Он допил вино и нетерпеливо махнул Мыши: налей еще. Дэвид молчал, хотя ему очень хотелось прервать беседу и спросить: «А зачем, собственно, меня пригласили в Котминэ?» Он чувствовал, что вот-вот сорвется, несмотря на все предостережения. Больше всего его задели яростные личные выпады, бесила бесполезность рациональной аргументации, невозможность дискуссии; его попытки защититься только подливали масла в огонь.
– Все вы… – Старик сидел, уставившись на полный бокал; теперь он пропускал слова, речь стала еще более отрывистой. – Предали крепость на поток и разграбление. Продали! Авангард. Эксперименты. Ни хрена подобного! Измена, вот что это такое. Объедки научной жратвы. Предали к черту все искусство, продали, как черных рабов, к гребаной матери.
– Абстрактное искусство давно уже не авангард. И разве возможность творить как кому заблагорассудится не есть наилучшая пропаганда гуманизма?
Опять – пауза.
– Бредятина.
Дэвид заставил себя улыбнуться:
– Тогда остается только социалистический реализм? Государственный контроль?
– А над вами какой контроль, Уилсон?
– Уильямс, – поправила Мышь.
– Не вешайте мне эту либеральную лапшу на уши. Всю жизнь эту тухлятину слышу. Тоже мне – честная игра! Слюнтяи. – Старик вдруг нацелился в Дэвида пальцем. – Стар я для этого, мой мальчик. Навидался всякого. Слишком много народу гибнет из-за порядочности. Терпимость. Чистоплюи! Только б зады не замарать!
С презрительной гримасой он одним глотком осушил бокал и снова потянулся за бутылкой. Горлышко дробно застучало о край бокала, вино пролилось на стол: старик не сумел вовремя остановиться. Мышь взяла бокал и отлила немного вина себе, потом спокойно промокнула салфеткой винную лужицу рядом с Бресли. Дэвид уже остыл: теперь он испытывал лишь неловкость.

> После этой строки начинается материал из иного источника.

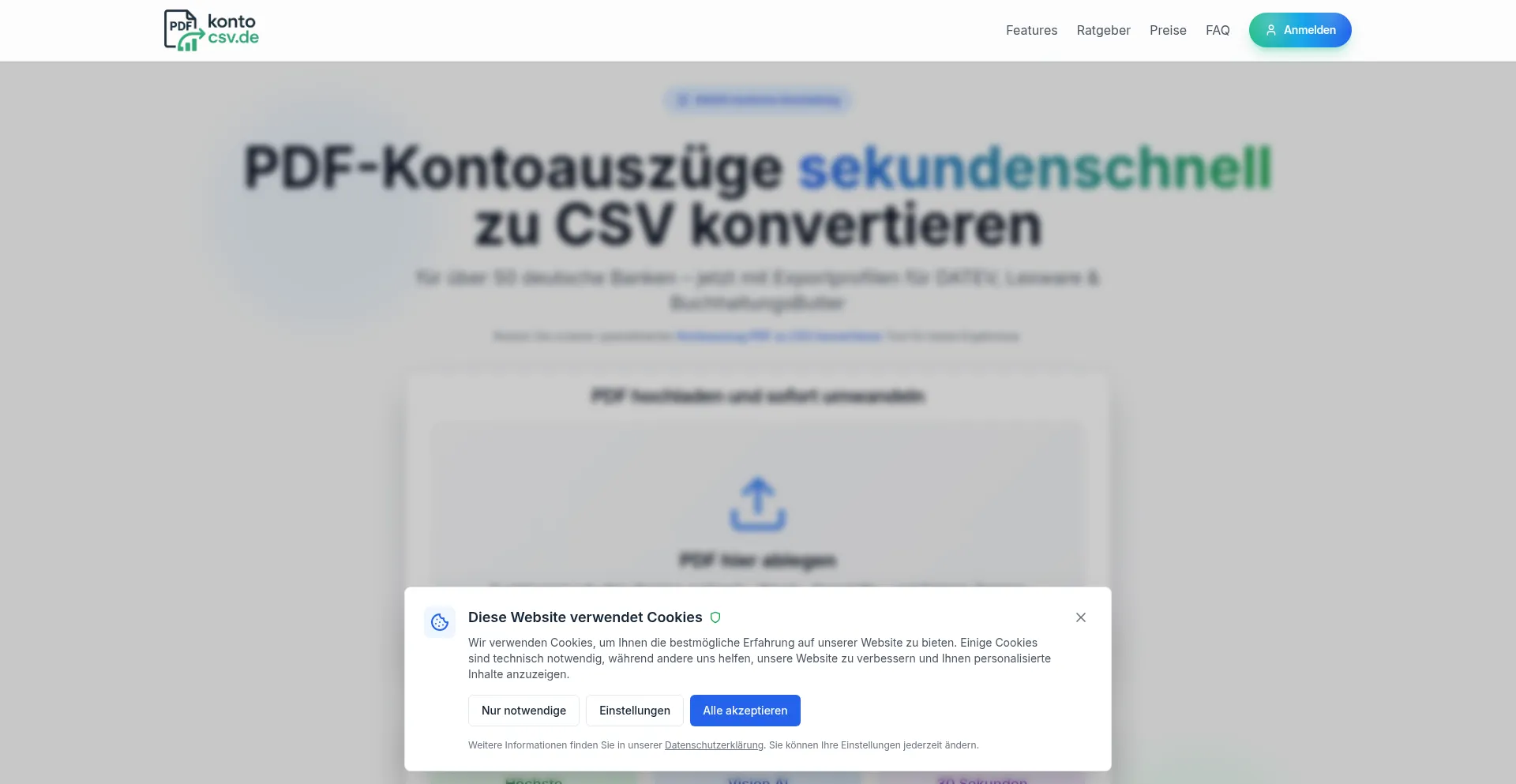 Kontoauszug PDF zu CSV konvertieren ✓ Sparkasse, Volksbank, Deutsche Bank & 50+ Banken ✓ 99,9% Genauigkeit ✓ DATEV/Lexware-Export ✓ DSGVO-konform ✓ Jetzt kostenlos tes...
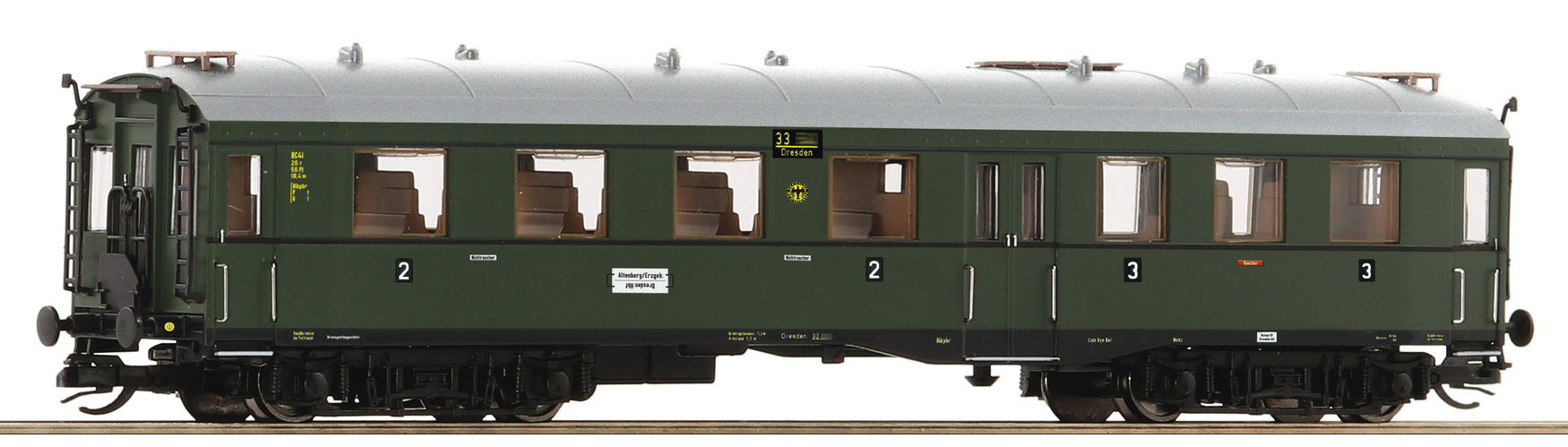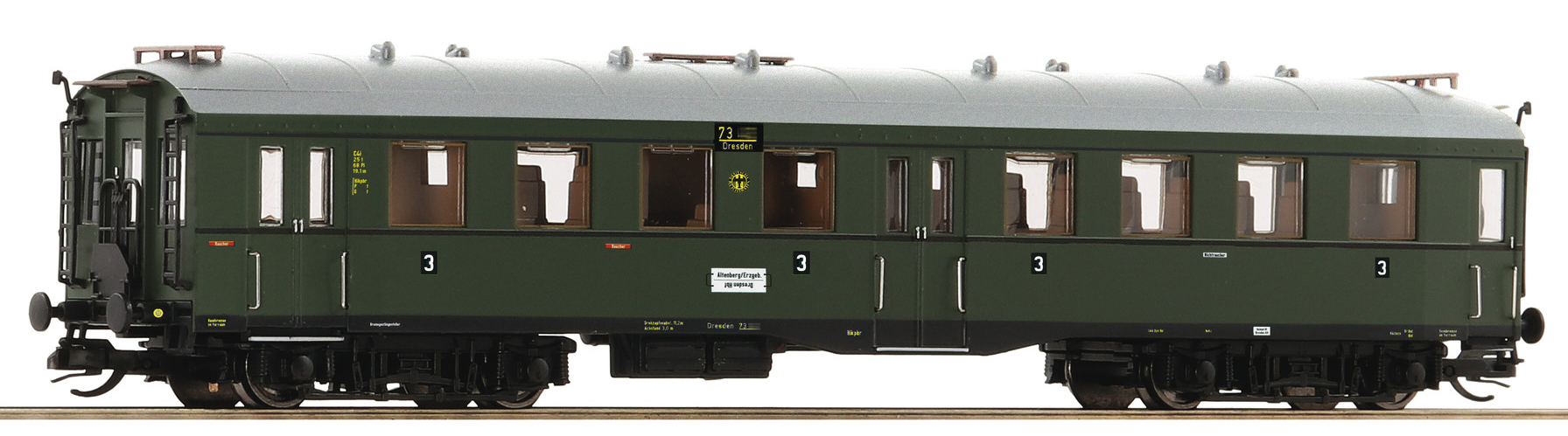 | osobní vůz tmavě zelený s šedou střechou 2./3. tř. |

– Хорошие вина – знаете, как их делают? Мочу добавляют. Ссут прямо в бочку. – Рука Бресли дрожала. Он поднес было бокал ко рту, но снова поставил на стол. Паузы между всплесками речи становились все дольше. – Десяток англичан мизинца одного француза не стоят! – Молчание. – Не масло. Пигмент, и больше ничего. Дерьмо сплошное. Даже если удачно. Merde[70]. Говно! Excrementum[71]. Вот что выходит. Вот ваши фундаментальные основы. А не жеманные изыски абстрактного хорошего вкуса. – Старик опять замолчал, словно силился отыскать путь вперед, но вынужден был отойти на старые рубежи. – И на подтирку не годятся!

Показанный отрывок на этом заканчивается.